Can we connect an external battery? It appears J14 on the electrical schematics. It references Redirect Notice
I found J14 labeled on the backside of the board (from a picture on the internet and on the manual. but don’t see a connector.

Hi @queonda,

Thank you for the good question.

Yes, all the 96Boards CE specification compliant boards are able to power by an external battery.

Please refer the page 16 of the documentation of the LS connector.
http://www.96boards.org/ce-specification

The pin 36 and 38 (SYS_DCIN) are for the external power input to power the 96boards instead of the DC jack.

On page 8, to be compliant for all the 96Boards, the 8V to 18V power supply from the SYS_DCIN pins is recommended.

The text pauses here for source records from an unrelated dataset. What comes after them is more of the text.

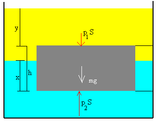Ecuación fundamental de la estática de fluidosMediante el manómetro vamos a medir las presiones p1 y p2 sobre la cara superior e inferior del bloque sumergido. La cara superior está en el aceite a una profundidad y. La presión p1 será igual a la atmosférica p0 más la correspondiente a la altura y de aceite. p1=p0+ρ1gy La cara inferior está en el agua. La presión p2 será igual a la presión atmosférica p0 más la correspondiente a la altura de aceite (y+h-x) más la correspondiente a la altura de la columna de agua (x) p2=p0+ρ1g(y+h-x)+ρ2gx La fuerza que ejerce el fluido sobre dichas caras será el producto de la presión por el área de su superficie S. Como podemos ver en la figura, para que haya equilibrio se tiene que cumplir que p1S+mg=p2S Introduciendo los valores de p1 y p2 en esta ecuación y teniendo en cuenta que m=r·hS despejamos el valor de x. Es el mismo resultado que hemos obtenido aplicando el principio de Arquímedes Ejemplo: Datos: densidad del agua 1000 kg/m3, densidad del aceite 800 kg/m3, densidad del mercurio 13550 kg/m3 La cara superior está a 22 cm de la superficie libre, la presión debida al aceite es La cara inferior está a 42 cm de la superficie libre (35 cm de aceite y 7 cm de agua), la presión debida a ambos líquidos es: En el equilibrio se cumple Se obtiene rs=870 kg/m3 ó 0.87 g/cm3
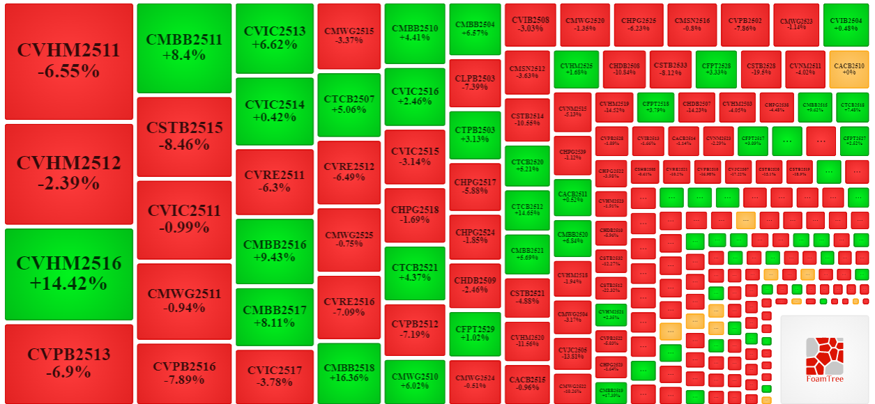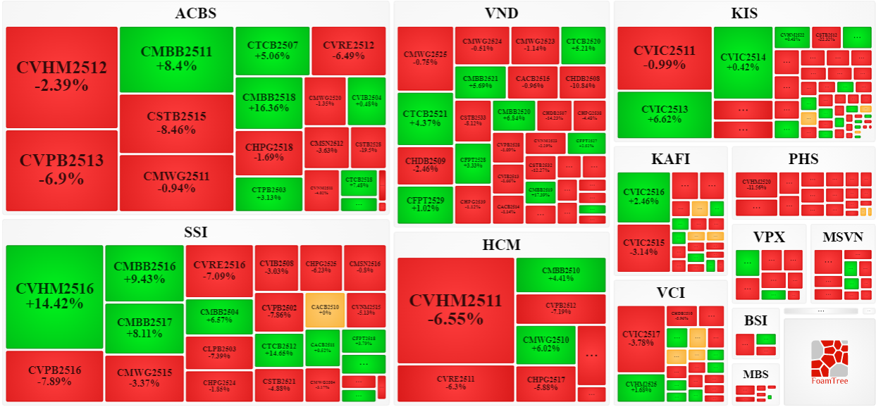 Trong phiên giao dịch ngày 09/01/2025, bên bán tiếp tục áp đảo thị trường khiến phần lớn các mã chứng quyền giảm giá. Cụ thể, các mã chứng quyền lớn trong nhóm giảm giá là CVHM2511, CVHM2512, CVPB2513, CSTB2515 và CVIC2511.
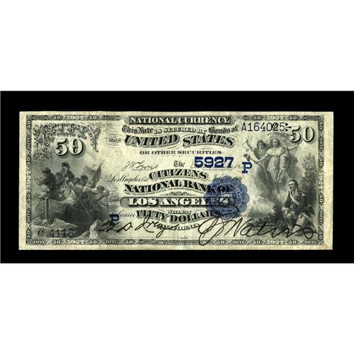<B>Los Angeles, CA</B></I> - $50 1882 Date Back Fr. 563 <B>The Citizens NB</B></I> Ch. # (P)5927<BR>This is a very scarce type whether from California or any other state. The census of known $50 1882 Date Backs totals only about two dozen pieces for the entire state of California, with this example both new to that listing and higher in grade than any of the previously reported pieces. <B>Very Fine,</B></I> with bold black signatures.<BR><I>From The Bill and Kathy Stella Currency Collection</B></I><BR><BR><b>Shipping:</b> Coin/Currency (<a target="_blank" href="http://www.heritageauctions.com/common/shipping.php">view shipping information</a>)
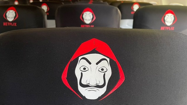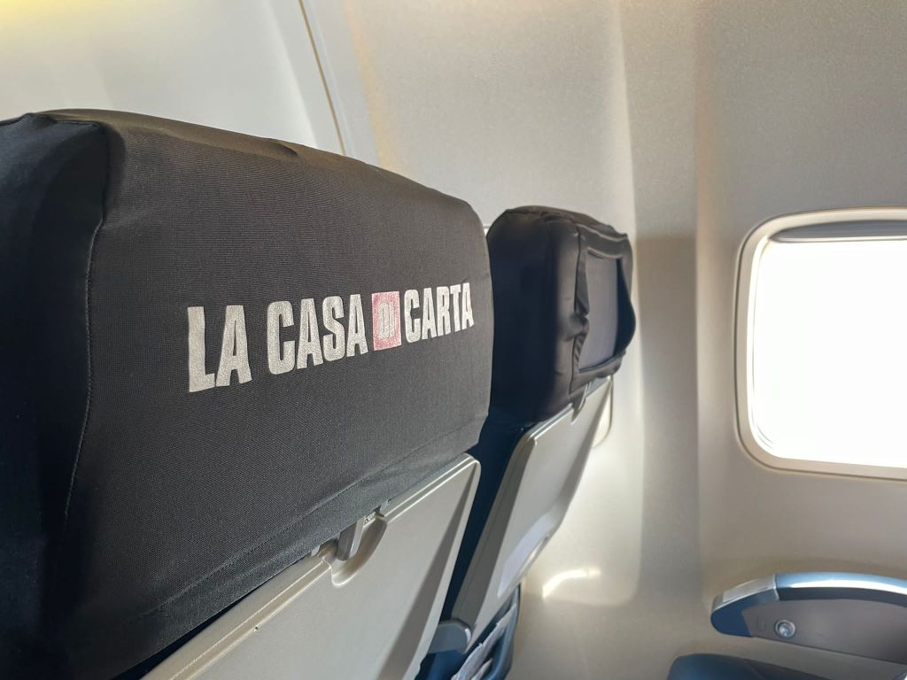 Pochi invitati, un centinaio su 170 posti di capacità del velivolo. Non essendo equipaggiato con sistemi IFE, la scelta e’ ricaduta sugli iPad. Su questi device della Apple e’ stato caricato il contenuto della quinta edizione de La Casa di Carta di Netflix. I tablet sono stati posizionati in una sacca incorporata all parte superiore del sedile, si vede nell’immagine sotto nel posto lato finestrino.

Are they the same connection (electrically)? Some boards have an option for Power and backup power. This board does not have that option. IS there an addon board which can add this?

I’m looking for when the input power is lost, then the backup power will continue powering the device. Then you can give a timed shutdown not to corrupt the OS.

Hi @queonda,

Yes, the positive center pin of the DC plug on the DragonBoard 410c and the pin 36 and 38 (SYS_DCIN) on LS connector are the same connection.
It is mandatory for the all 96Boards on the specification.

I do not see the Mezzanine board sold in the market to use this feature yet but it a good way to make the battery powered 96Boards.

It is important to note that you cannot have power to booth the DC Jack and 36 / 38 SYS_DCIN pins simultaneously. The Dragonboard docs make that clear. So it is much better to have a redundant set of batteries and use a DC source to power the batteries for redundancy than to try and power both the DC Jack & the LS connector. Section 8.2 of the hardware manual for dragonboard says that very clearly. There is not an internal switch to regulate which port the power comes from.

I’m running multiple 3.7V batteries in parallel, with a step up converter to bring the batteries up to 12V. Then I charge the batteries when voltage gets low with a stepdown converter, from 5V to ~4.2V battery protection circuit. This way I can use a 2.4A USB wall-wart to charge the batteries, while the battery bank provides a clean 12V and enough amperage to keep the board alive for quite some time. In theory the board will not draw more than it needs, so having 10A + available in batteries is effective. This way I also draw power for other devices from the battery bank and avoid placing power hungry USB devices on the board itself.